当没有指定 seed 时，64 位机器上的最新版本的 C# 使用 xoshiro256** PRNG：

internal ulong NextUInt64()
{
    ulong s0 = _s0, s1 = _s1, s2 = _s2, s3 = _s3;

    ulong result = BitOperations.RotateLeft(s1 * 5, 7) * 9;
    ulong t = s1 << 17;

    s2 ^= s0;
    s3 ^= s1;
    s1 ^= s2;
    s0 ^= s3;

    s2 ^= t;
    s3 = BitOperations.RotateLeft(s3, 45);

    _s0 = s0;
    _s1 = s1;
    _s2 = s2;
    _s3 = s3;

    return result;
}

这个 RNG 的状态转移函数是 GF(2) 下的线性函数，而 result 是 s1 的非线性函数。如果我们能得到 NextUInt64 的精确返回值，那么就能轻松破解 RNG。我们可以通过乘以乘法逆元来将 s1 的每一位表示为初始状态的线性函数，构建一个线性方程组并解出初始状态。但是这道题给出的是 rng.Next(256) 的输出，就是只保留 result 的高 8 位（草，当时以为是低 8 位）。这样就无法从中获得 s1 的任何信息。

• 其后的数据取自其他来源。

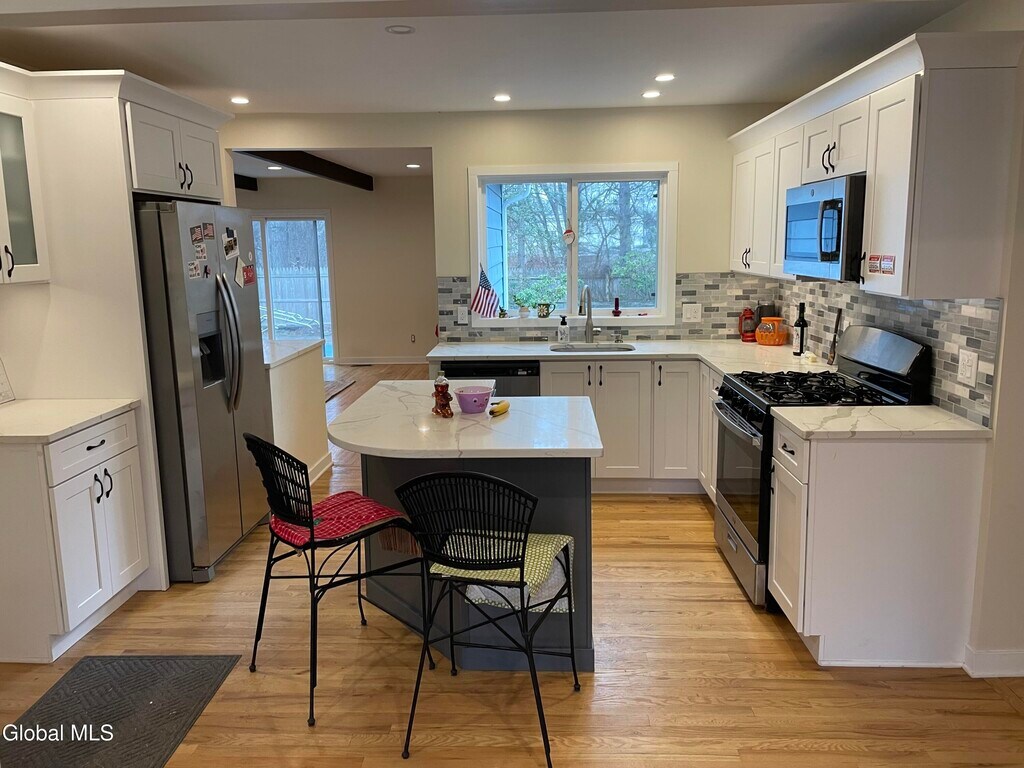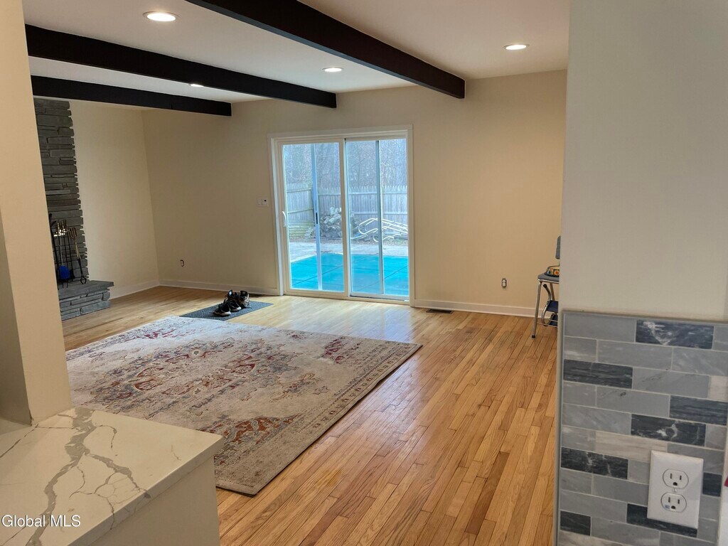 Fully updated two-bedroom,one-bath ranch home with attached one car garage conveniently located off Central Avenue,close to the Northway and Thruway and backs up to Cook Park. Mostly hard wood floors throughout,modern kitchen with newer appliances and bathroom,living room and large den with fireplace and walk out to swimming pool. Lots of natural light throughout. Central heat and air conditioning. Large basement for additional storage and washer/dryer hookups. Bedroom sizes are (12.5 x 9.5) and (11.4 x 8.9). Large,fenced backyard with in-ground swimming pool. Available showings this week are Monday,Tuesday,Thursday 1-5pm by appointment. MLS ID 202615370

我们还可以检查在 result 的值确定的情况下，s1 的位之间是否存在固定的线性（或仿射）关系：

from sage.all import *
import random
def f(x):
    x *= 5
    x %= 2**64
    x = (x << 7) | (x >> (64 - 7))
    x %= 2**64
    x *= 9
    x %= 2**64
    return x >> 56
vectors = [[] for _ in range(256)]
for i in range(100000):
    a = random.getrandbits(64)
    v = vector(GF(2), '1' + bin(a)[2:].zfill(64))
    vectors[f(a)].append(v)
for i in range(256):
    mat = matrix(GF(2), vectors[i])
    print(mat.rank(), len(vectors[i]))

对于每个 result 的值，这个程序生成了一些随机的 s1 的可能值，然后计算由这些值的位（和一个 1 来处理异或 1 的子集）生成的矩阵的秩。所有 256 个矩阵的秩都是 65，这意味着向量是独立的，对于任何 result 的值都不存在固定的仿射关系，因此无法从中获得任何信息。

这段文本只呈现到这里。